New V6 diesel powerplant in elegant Coupe and Sportback delivers stepless torque thanks to the electric powered compressor

  • Powerful 3.0 TDI engine with 347PS and 700Nm
  • 48-volt mild hybrid technology and electric powered compressor
  • Ideal combination of efficiency and performance

For the first time in its history, the Audi S5 now has a V6 diesel at its heart. Underpinned by mild hybrid technology, it equips the peak performer with impressive staying power between fill-ups and delivers even greater immediacy of response courtesy of an electric powered compressor. The 3.0 TDI engine, which will be introduced in both the S5 Coupé and the S5 Sportback in late 2019, now produces 347PS and delivers up to 700 Nm (516.3 lb-ft) of torque to the crankshaft, available between 2,500 and 3,100 rpm. This combination of power, torque and efficiency sets the S5 apart in this segment.

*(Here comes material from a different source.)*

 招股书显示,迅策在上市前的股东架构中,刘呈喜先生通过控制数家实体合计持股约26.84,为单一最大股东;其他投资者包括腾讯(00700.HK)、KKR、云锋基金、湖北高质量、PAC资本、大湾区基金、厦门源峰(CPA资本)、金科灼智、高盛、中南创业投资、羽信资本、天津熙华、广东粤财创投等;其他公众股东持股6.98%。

The 3.0 TDI in the S5 models is the most powerful version in the Audi V6 diesel engine line-up. Both the electric powered compressor (EPC) and mild hybrid (MHEV) systems are embedded in the standard 48-volt main electrical circuit. For the first time in the S5 TDI, a powerful 48–volt belt alternator starter is the heart of the mild hybrid system with maximum recuperation power of up to 8 kW. A DC/DC converter steps this voltage down for components in the 12–volt electrical system. A compact, air-cooled lithium-ion battery with a capacity of 0.5 kWh installed under the luggage compartment floor serves as the energy centre.

With these characteristics, the V6 diesel engine is the ideal power plant for agility, spontaneity, low fuel consumption and long range, with a suitably resonant sound to match.

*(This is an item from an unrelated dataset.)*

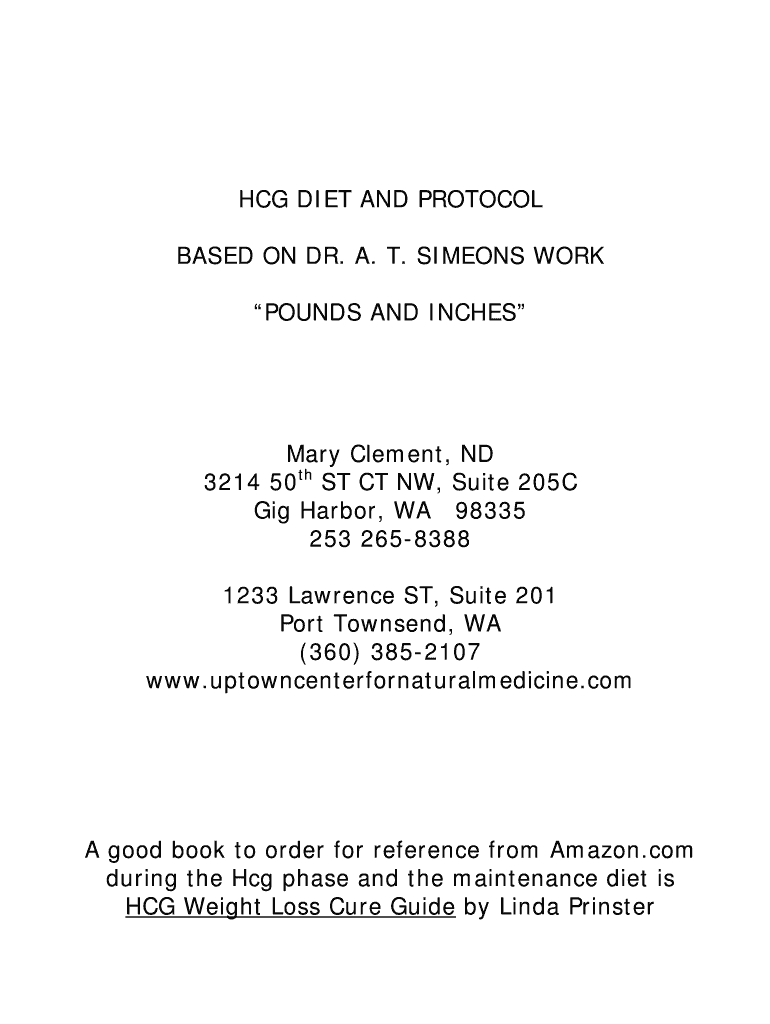 HCG DIET AND PROTOCOL BASED ON DR. A. T. SIMMONS WORK POUNDS AND INCHES Mary Clement, ND 3214 50th ST CT NW, Suite 205C Gig Harbor, WA 98335 253 2658388 1233 Lawrence ST, Suite 201 Port Townsend,

Acceleration to 62mph in the S5 Coupé takes 4.8 seconds and and 4.9 seconds in the S5 Sportback, with both reaching their peak at an electronically limited 155mph.

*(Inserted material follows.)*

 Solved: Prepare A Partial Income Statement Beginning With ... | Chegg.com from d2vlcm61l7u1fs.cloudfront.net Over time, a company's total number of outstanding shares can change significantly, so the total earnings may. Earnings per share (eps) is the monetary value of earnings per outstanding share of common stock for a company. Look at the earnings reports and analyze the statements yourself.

The EPC: fast support for the turbocharger
The electric powered compressor in the Audi S5 TDI is new to this segment. It is located in a bypass downstream of the intercooler and thus close to the engine. From the outside, the compressor looks similar to a conventional turbocharger. A compact electric motor replaces the turbine wheel, however. With an output of up to 7 kW, it accelerates the compressor wheel to 65,000 rpm in approximately 300 milliseconds. It is activated whenever the power demand from the driver is high but the energy available in the exhaust flow for driving the compressor wheel is low. If this is the case, the bypass valve closes and directs the intake air to the EPC. The compressed air flows directly into the combustion chamber. This enables the driver to tap the full power of the 3.0 TDI instantly even at low engine speeds, whether passing another vehicle or accelerating out of a corner. Because the technology increases torque at the lower end of the rpm range, it provides for lower engine speeds and less frequent downshifts during relaxed driving. From a standing start, the new S models quickly move several metres ahead of comparable vehicles without an EPC.